On a blindingly bright day in near-treeless western Nebraska, bleary-eyed and foggy-headed, I accidentally filled my tank with diesel instead of gasoline. Fortunately, I noticed before I started the car. And, fortunately, the best friend of the station owner loved Mustangs. He was visiting and he rolled me to the edge of the lot to drain my tank into the grass — before I could do any permanent damage — over the objections of the station’s owner.
Once, to break up the monotony, I left the major east-west interstate for a while, but I didn’t have a local map and the surface roads weren’t exactly parallel to the route I’d left behind. I was down below a quarter tank and panicked, going further “in country” in search of fuel and food.
The third time a passing vehicle honked at me, I started thinking maybe something was hanging out my driver’s door or dragging behind me, so I pulled over. Nothing. I saw nothing wrong. Then someone drove by in the opposite direction in a white pickup, a total stranger, a grandfatherly sort, honking and waving and smiling.
“Nice car!” he yelled.
The locals were just being friendly. I was driving a celebrity car. I got back in. I came to a heavily settled area with a couple of stores to my right with huge plate glass windows and no business. I crawled forward, checking my car’s reflection with a sort of geek pride. That’s when the police officer pulled me over - for the unexpected offense of driving too close to the curb.
He must have been the last customer at the hardware store that day, because the gentleman with him was apparently locking up. The law man stood on the sidewalk, one foot in the road, and blew a familiar policeman’s whistle, waving me to a stop. I pulled over immediately. Even as the officer approached my driver’s door, another pickup stopped in the other lane immediately across from us.
“Problem?” called the concerned driver, a skinny-faced middle-aged fellow in overalls.
“Let you know in a minute, Hal,” said the officer over his shoulder.

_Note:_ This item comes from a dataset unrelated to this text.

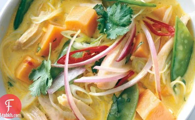 شوربة نودلز بالكاري الحار مع الدجاج والبطاطا الحلوة

“Sure is a nice-looking car,” said Hal.
“Sure is,” said the officer.
“Don’t see one of them in these parts very often. Maybe he’s on his way to one of those classic auto shows. Don’t want to make him late. I’ll bet people are waiting for him.”
“I’ll keep that in mind. Anything else?”
“I just heard on the radio that a sandstorm is coming our way. I’d hate for such a swell car to get all scratched up because someone got their feelings hurt, especially in an election year.”
“Nobody got their feelings hurt.” The driver wasn’t in any hurry to move on. The officer stood outside my window. His chin and shoulders drooped as he gave in. “Next time don’t drive so close to the curb. Now get out of here.”
“Are you sure?” I asked.
“No, but he is.” He nodded to the man in the truck. “We wouldn’t want you caught in a sandstorm. They can be pretty nasty to cars in these parts. Off you go. Now get.”
“Thank you, sir,” I said and followed his advice. I was still looking in my rearview mirror when I got back on the interstate. It was the last straw; at dusk I eased my way off the highway to the first convenient motel and slept through the night.
In the morning as I dressed, I turned on the news. The weather report had been wrong. It hadn’t been a dust storm I’d escaped after all, but a tornado that had cut a swath right through the center of their town, devastating everything in its path.
I might have been there, stranded or worse, in the middle of the debris and carnage except that some kind stranger insisted, based on some charming middle-American value system, that we save my beautiful vintage pony car from nature’s rage.
In the years since, whenever I hear news of similar acts of large-scale destruction, of senseless tornados beating down on the good people of “Small Town, USA,” I still pause and remember my near-miss with disaster and the friendly folk who ushered me to safety “just because.”